After leaving the Hymer museum we drove south to Lake Constance, a glacial lake at the foot of the Swiss Alps. We stayed in a commercial campground there for a couple of days, which was inhabited entirely by Germans instead of the usual international mixture – summer's over, and it's just the locals now. I got some inquiries about my strange campervan and chatted up the people I could find who knew some English.
Lake Constance (called the Bodensee by the Germans) is where the Rhine gets its muscle. The Upper Rhine starts out in the Swiss Alps and is more or less a mountain stream as it goes over the Rhine Falls and into Lake Constance. It exits the lake as a real river, and heads west and then north. We have stayed on the Rhine way down right before it goes into the Netherlands, near Dusseldorf, and along the Rhine Gorge near Wiesbaden, but here we are waaay upstream (south) from all that.
The interesting thing is how the drainages changed as Europe thawed out from the last Ice Age – the Upper Rhine used to be a tributary of the Danube, the upper reaches of which is heading east just south of present Lake Constance, on past Vienna and Budapest to the Black Sea. The lower Rhine, which drains into the North Sea, kept extending southward through the process of erosion until it captured the Upper Rhine, which increased its size substantially.
From Lake Costance we drove west through the Black Forest, coming out at Kehl, a German town across the Rhine from Strasbourg, France. In this southern section, the Rhine is the national border. It looked like the same old Rhine to me – a big river with giant freighters and tankers operating on it. A Viking River Cruises ship, which is basically a long narrow floating apartment building, was docked in Kehl when we were there. We stayed at a commercial riverfront campground there, again entirely German, and headed out Sunday morning, which meant traffic was light enough to attempt an urban assault vehicle run on Strasbourg. We went right downtown in the Roadtrek, Sharon saw the sights, I avoided getting run over by the trolleys, and we headed southwest out of town and into France.
We left France months ago on our way across Italy, up into Austria, Hungary, Slovenia, the Czech Republic, Poland, Denmark, and Germany. It was nice to be back for me – my meager foreign language skills are entirely French, I love the food, and I love the French countryside. Sharon admitted as much, although she didn't express much regret about dragging me all over eastern Europe.
Best of all, France has a charming custom- the municipal aire du camping. In many small towns there's a place where you can overnight legally, for little or no money. The rationale is that they know RVers spend money, so these are bait to get you to hang around, sort of like American casino's generous boondocking arrangements. You literally see them as you drive along, and on our first night in France we spotted one in a tiny town named Bucey-les-Gy and pulled in for the night. It was a pleasant – and inexpensive – way to get some dinner and rest before heading out the next day.

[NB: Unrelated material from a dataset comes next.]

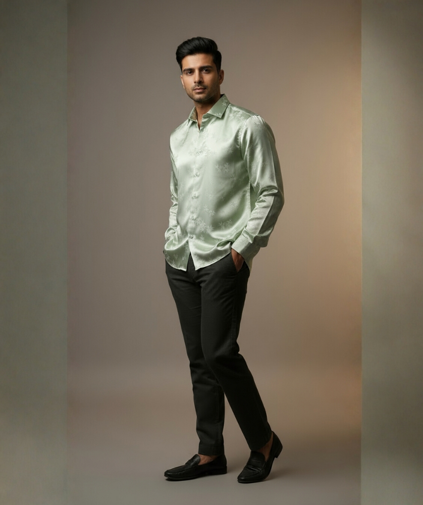 This light green shirt is a men’s satin or silk blend shirt with a smooth, glossy finish. It is a solid-colored, long-sleeved shirt with a spread collar and button closure.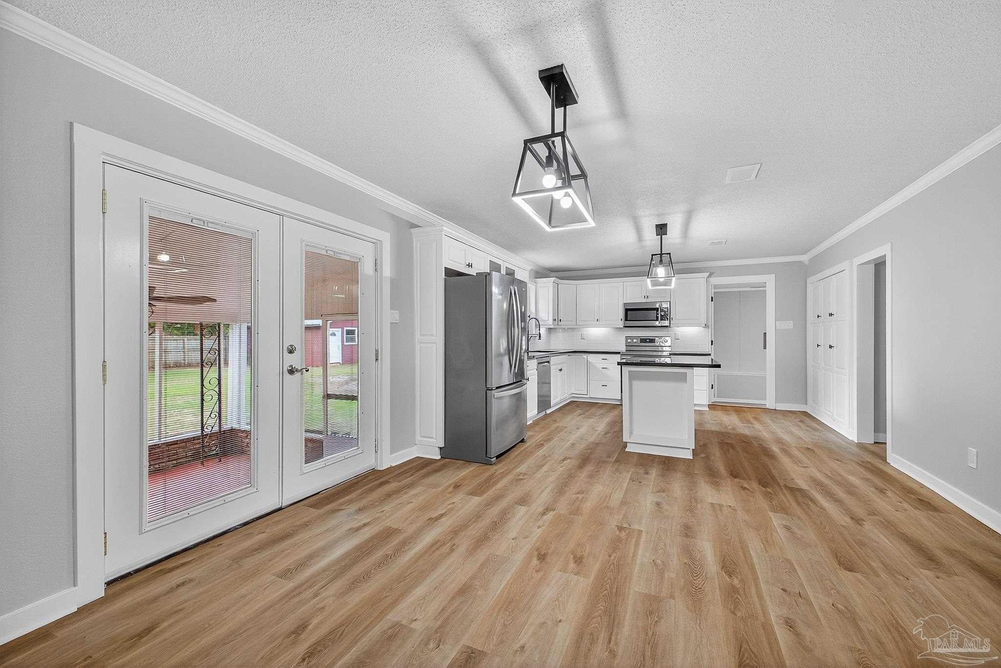 Welcome to this charming ranch-style home that's been thoughtfully updated and is ready for you to move in. Inside, you'll find fresh paint throughout, brand-new luxury vinyl plank (LVP) flooring, updated lighting and ceiling fans, and fully renovated bathrooms featuring new toilets, vanities, and a modern shower stall. The kitchen also has newly painted walls and cabinets, new crown molding, lighting, granite counter tops, subway tile backsplash, new sink with Kohler faucet, and LVP flooring. Major upgrades also include a new water heater and roof, and the HVAC was just serviced, offering peace of mind and long-term value. Out back, there's a detached garage and a workshop—ideal for hobbies, storage, or extra workspace. The home is perfectly located just minutes from Pensacola State College and provides quick access to the interstate. You're only 30 minutes from downtown Pensacola and 40 minutes from the white-sand beaches of Navarre and Pensacola Beach. Enjoy the convenience of being situated between the shopping and dining hubs of Milton and Pace. Military families will appreciate the close proximity to NAS Pensacola, Spencer Field, and Whiting Field. For nature lovers, the Arcadia Mill Nature Trail and creek are within walking distance, while the scenic Blackwater River is just a short drive away—perfect for outdoor adventures like kayaking, hiking, and picnicking. Don’t miss your chance to own a beautifully updated home in a location that truly has it all—comfort, convenience, and natural beauty.

We stopped at a second aire in Precy Sous Thil after three hours and a hundred miles or so – this time I knew what to look for, a sign with a stylized RV. Following the signs, we ended up behind city hall in a beautiful campground with water, a dump, hot showers, electricity if you need it (we didn't) – all for 9.60 euros. It was quiet, dark enough to sleep, and kitty friendly. Fiona was out for a half dozen walks, exploring all the sights, sounds, and smells.
Another arduous three hour, 100 mile drive today through the beautiful French countryside, and we are at Vezelay, a town absolutely full of charm which has a 12th century Benedictine abbey church they launched the Crusades from. It's sort of a tourist trap, and all the parking in town is paid parking (they didn't plan for much parking when the Romans laid the town out two millenia ago, so it's kinda scarce), but the paid parking is also overnight parking. Five euros. We are here with a couple of other RVs and we're looking out one window over the rolling fields and up at the church on top of the hill out the other window as the sun goes down. We're cooking French sausages and have fresh baguettes and French sea salt butter. Life is good.